**TASK BRIEF:** In the material below, find the line containing "Calender Month |" and the line containing "Produzida com 3". Output those two lines and all lines between them exactly, without pictures.
** Opening GIVEN DATA block **
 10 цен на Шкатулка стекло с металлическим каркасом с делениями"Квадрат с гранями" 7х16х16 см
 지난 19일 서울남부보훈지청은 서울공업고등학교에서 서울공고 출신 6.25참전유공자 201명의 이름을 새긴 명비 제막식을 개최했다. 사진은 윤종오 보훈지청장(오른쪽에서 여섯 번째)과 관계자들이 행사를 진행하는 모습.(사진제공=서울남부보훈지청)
** Closing GIVEN DATA block **
** Opening GIVEN DATA block **
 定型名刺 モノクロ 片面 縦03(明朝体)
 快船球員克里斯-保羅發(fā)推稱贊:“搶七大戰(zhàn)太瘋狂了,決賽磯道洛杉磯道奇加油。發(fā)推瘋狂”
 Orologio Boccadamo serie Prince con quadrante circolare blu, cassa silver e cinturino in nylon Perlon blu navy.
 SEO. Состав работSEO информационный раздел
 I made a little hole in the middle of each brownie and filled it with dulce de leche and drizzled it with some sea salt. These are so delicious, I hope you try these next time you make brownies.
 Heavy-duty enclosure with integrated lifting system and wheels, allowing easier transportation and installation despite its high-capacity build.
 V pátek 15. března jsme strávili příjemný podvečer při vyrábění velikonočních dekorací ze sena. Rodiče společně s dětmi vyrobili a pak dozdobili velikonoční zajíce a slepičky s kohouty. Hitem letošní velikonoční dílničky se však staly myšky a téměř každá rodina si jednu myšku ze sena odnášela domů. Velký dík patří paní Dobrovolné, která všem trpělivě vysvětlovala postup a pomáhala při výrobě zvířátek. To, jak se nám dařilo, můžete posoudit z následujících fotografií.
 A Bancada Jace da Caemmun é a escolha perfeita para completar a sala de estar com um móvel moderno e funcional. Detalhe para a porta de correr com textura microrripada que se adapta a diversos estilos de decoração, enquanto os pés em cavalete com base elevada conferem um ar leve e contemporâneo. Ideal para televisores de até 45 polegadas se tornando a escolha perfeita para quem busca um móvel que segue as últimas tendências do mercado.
** Closing GIVEN DATA block **
** Opening GIVEN DATA block **
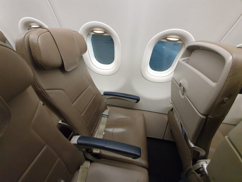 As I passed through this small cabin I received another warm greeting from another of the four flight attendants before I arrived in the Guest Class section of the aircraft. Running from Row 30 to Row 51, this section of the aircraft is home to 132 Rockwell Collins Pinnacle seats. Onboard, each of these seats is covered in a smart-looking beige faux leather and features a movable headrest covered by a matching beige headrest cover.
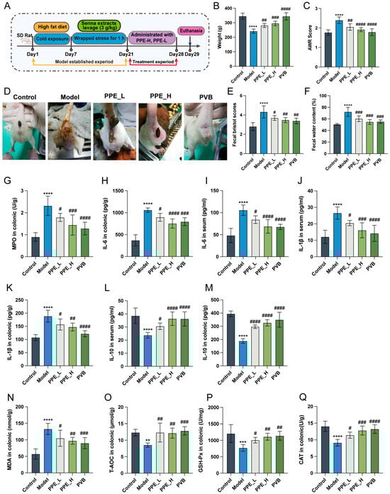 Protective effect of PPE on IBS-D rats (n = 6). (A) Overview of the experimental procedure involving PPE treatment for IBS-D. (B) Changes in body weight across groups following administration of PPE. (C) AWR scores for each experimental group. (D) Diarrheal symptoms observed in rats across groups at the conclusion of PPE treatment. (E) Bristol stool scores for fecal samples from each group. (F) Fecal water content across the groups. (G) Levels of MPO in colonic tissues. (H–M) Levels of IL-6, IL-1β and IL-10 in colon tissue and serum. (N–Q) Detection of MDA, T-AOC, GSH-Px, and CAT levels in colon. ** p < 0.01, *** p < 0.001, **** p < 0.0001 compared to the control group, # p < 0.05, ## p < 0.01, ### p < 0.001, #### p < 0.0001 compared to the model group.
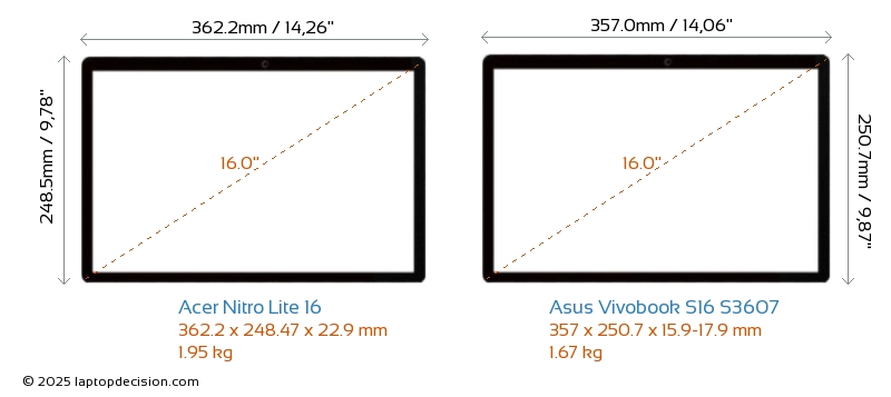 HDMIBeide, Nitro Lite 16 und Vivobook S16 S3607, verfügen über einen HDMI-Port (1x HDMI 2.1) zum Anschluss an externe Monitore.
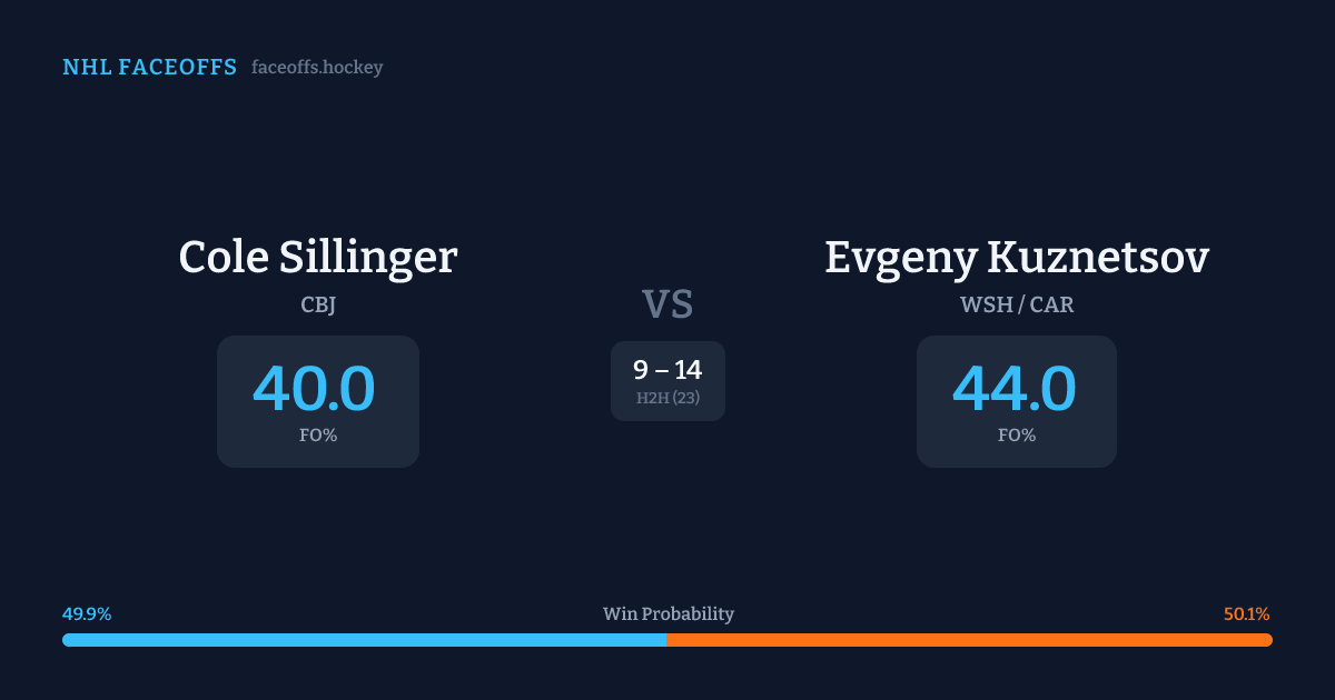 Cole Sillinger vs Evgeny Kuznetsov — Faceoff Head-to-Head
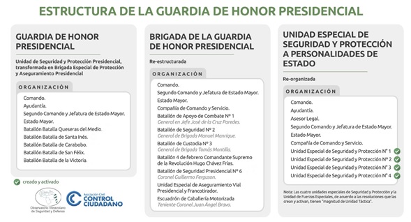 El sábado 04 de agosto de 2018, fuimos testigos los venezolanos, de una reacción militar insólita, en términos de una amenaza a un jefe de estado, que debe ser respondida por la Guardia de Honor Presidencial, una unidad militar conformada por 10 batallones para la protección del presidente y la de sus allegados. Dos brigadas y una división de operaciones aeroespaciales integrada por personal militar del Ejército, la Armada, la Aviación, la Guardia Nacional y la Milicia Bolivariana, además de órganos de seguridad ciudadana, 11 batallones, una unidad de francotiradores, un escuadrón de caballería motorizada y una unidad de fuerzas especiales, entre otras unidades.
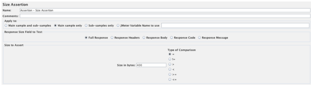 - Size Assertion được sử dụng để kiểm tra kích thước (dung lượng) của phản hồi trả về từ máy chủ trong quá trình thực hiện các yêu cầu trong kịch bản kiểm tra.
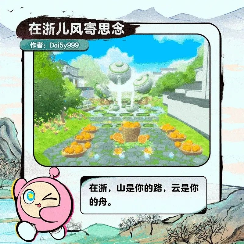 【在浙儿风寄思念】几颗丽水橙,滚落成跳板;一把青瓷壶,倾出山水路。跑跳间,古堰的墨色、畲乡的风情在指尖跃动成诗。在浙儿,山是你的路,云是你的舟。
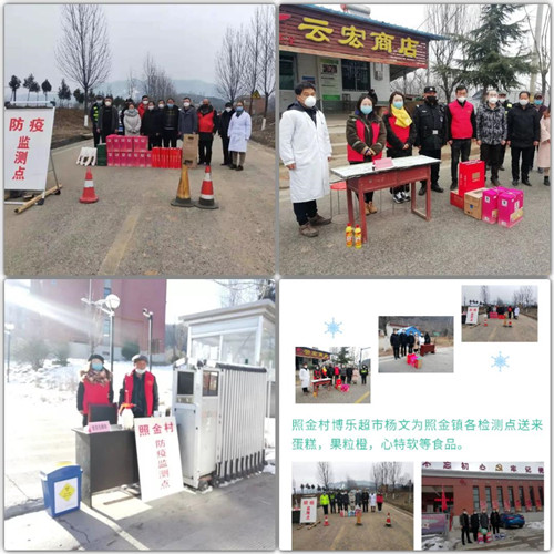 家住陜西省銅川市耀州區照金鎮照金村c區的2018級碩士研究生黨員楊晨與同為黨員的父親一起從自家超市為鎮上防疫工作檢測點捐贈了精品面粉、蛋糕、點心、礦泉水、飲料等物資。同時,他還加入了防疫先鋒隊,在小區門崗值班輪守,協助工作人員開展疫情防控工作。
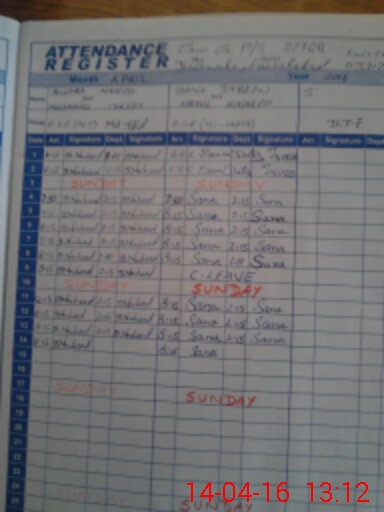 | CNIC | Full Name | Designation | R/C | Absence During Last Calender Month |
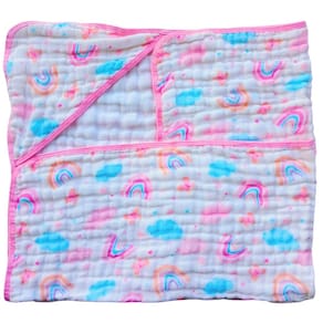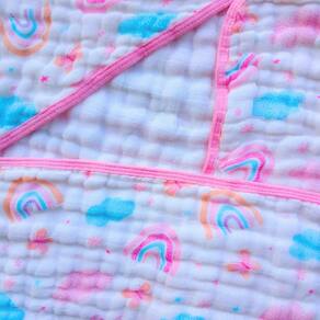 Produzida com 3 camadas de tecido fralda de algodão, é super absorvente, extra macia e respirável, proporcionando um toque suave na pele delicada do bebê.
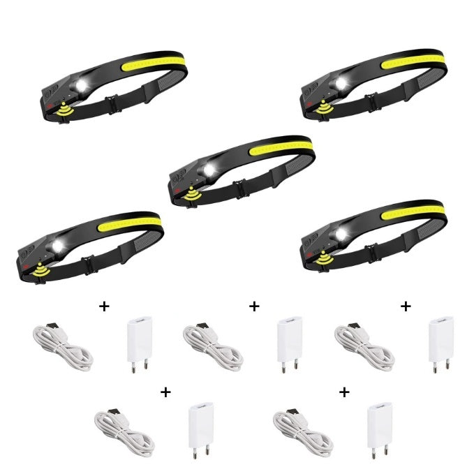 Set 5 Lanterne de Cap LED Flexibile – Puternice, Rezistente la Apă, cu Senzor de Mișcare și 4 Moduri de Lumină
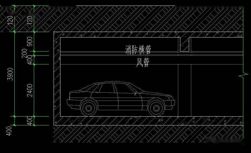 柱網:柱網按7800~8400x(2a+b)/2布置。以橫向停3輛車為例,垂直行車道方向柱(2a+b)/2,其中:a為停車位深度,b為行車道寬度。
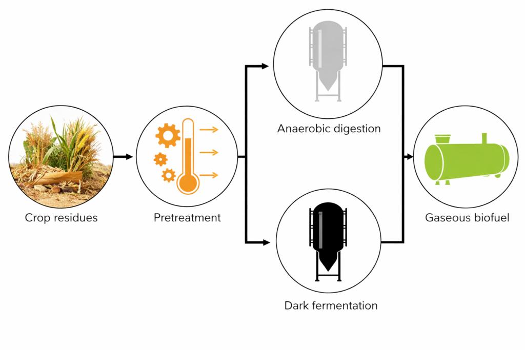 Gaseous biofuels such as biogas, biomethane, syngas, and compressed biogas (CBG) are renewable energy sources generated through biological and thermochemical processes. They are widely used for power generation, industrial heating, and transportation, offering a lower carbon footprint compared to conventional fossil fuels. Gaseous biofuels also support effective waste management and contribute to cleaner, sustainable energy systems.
** Closing GIVEN DATA block **
**RESPONSE BELOW:**
 | CNIC | Full Name | Designation | R/C | Absence During Last Calender Month |
 Produzida com 3 camadas de tecido fralda de algodão, é super absorvente, extra macia e respirável, proporcionando um toque suave na pele delicada do bebê.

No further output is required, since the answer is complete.